Exercise requirements
Quote only the lines from the top of the listing below down to and including the line with "蓮の時期にいくと、神社の前の".

Dataset entries
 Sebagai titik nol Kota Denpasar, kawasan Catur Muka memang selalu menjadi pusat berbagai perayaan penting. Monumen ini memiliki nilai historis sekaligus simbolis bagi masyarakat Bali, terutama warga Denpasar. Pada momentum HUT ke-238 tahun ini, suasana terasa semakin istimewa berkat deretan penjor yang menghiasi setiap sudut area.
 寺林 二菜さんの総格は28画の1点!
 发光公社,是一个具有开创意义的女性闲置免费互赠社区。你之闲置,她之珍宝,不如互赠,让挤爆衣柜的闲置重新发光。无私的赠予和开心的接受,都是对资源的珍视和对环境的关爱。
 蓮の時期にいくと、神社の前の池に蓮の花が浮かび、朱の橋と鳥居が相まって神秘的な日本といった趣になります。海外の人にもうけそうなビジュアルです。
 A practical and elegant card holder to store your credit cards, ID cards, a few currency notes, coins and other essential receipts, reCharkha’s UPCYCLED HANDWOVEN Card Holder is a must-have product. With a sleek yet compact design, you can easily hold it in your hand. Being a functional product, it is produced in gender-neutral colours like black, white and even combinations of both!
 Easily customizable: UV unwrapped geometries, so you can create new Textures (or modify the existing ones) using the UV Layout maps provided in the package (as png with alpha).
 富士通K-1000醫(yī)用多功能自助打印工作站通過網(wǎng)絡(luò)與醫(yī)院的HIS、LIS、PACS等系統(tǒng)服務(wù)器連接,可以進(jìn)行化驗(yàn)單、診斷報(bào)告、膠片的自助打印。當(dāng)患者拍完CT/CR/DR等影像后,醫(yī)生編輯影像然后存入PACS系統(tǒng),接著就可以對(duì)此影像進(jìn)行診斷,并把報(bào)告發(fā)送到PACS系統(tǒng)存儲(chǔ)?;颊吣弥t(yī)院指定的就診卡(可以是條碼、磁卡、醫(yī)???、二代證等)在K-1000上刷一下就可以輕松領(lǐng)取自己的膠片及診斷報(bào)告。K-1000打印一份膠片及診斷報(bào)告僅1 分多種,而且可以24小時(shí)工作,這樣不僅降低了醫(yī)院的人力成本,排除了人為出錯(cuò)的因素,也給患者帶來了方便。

Solution to the problem
 Sebagai titik nol Kota Denpasar, kawasan Catur Muka memang selalu menjadi pusat berbagai perayaan penting. Monumen ini memiliki nilai historis sekaligus simbolis bagi masyarakat Bali, terutama warga Denpasar. Pada momentum HUT ke-238 tahun ini, suasana terasa semakin istimewa berkat deretan penjor yang menghiasi setiap sudut area.
 寺林 二菜さんの総格は28画の1点!
 发光公社,是一个具有开创意义的女性闲置免费互赠社区。你之闲置,她之珍宝,不如互赠,让挤爆衣柜的闲置重新发光。无私的赠予和开心的接受,都是对资源的珍视和对环境的关爱。
 蓮の時期にいくと、神社の前の池に蓮の花が浮かび、朱の橋と鳥居が相まって神秘的な日本といった趣になります。海外の人にもうけそうなビジュアルです。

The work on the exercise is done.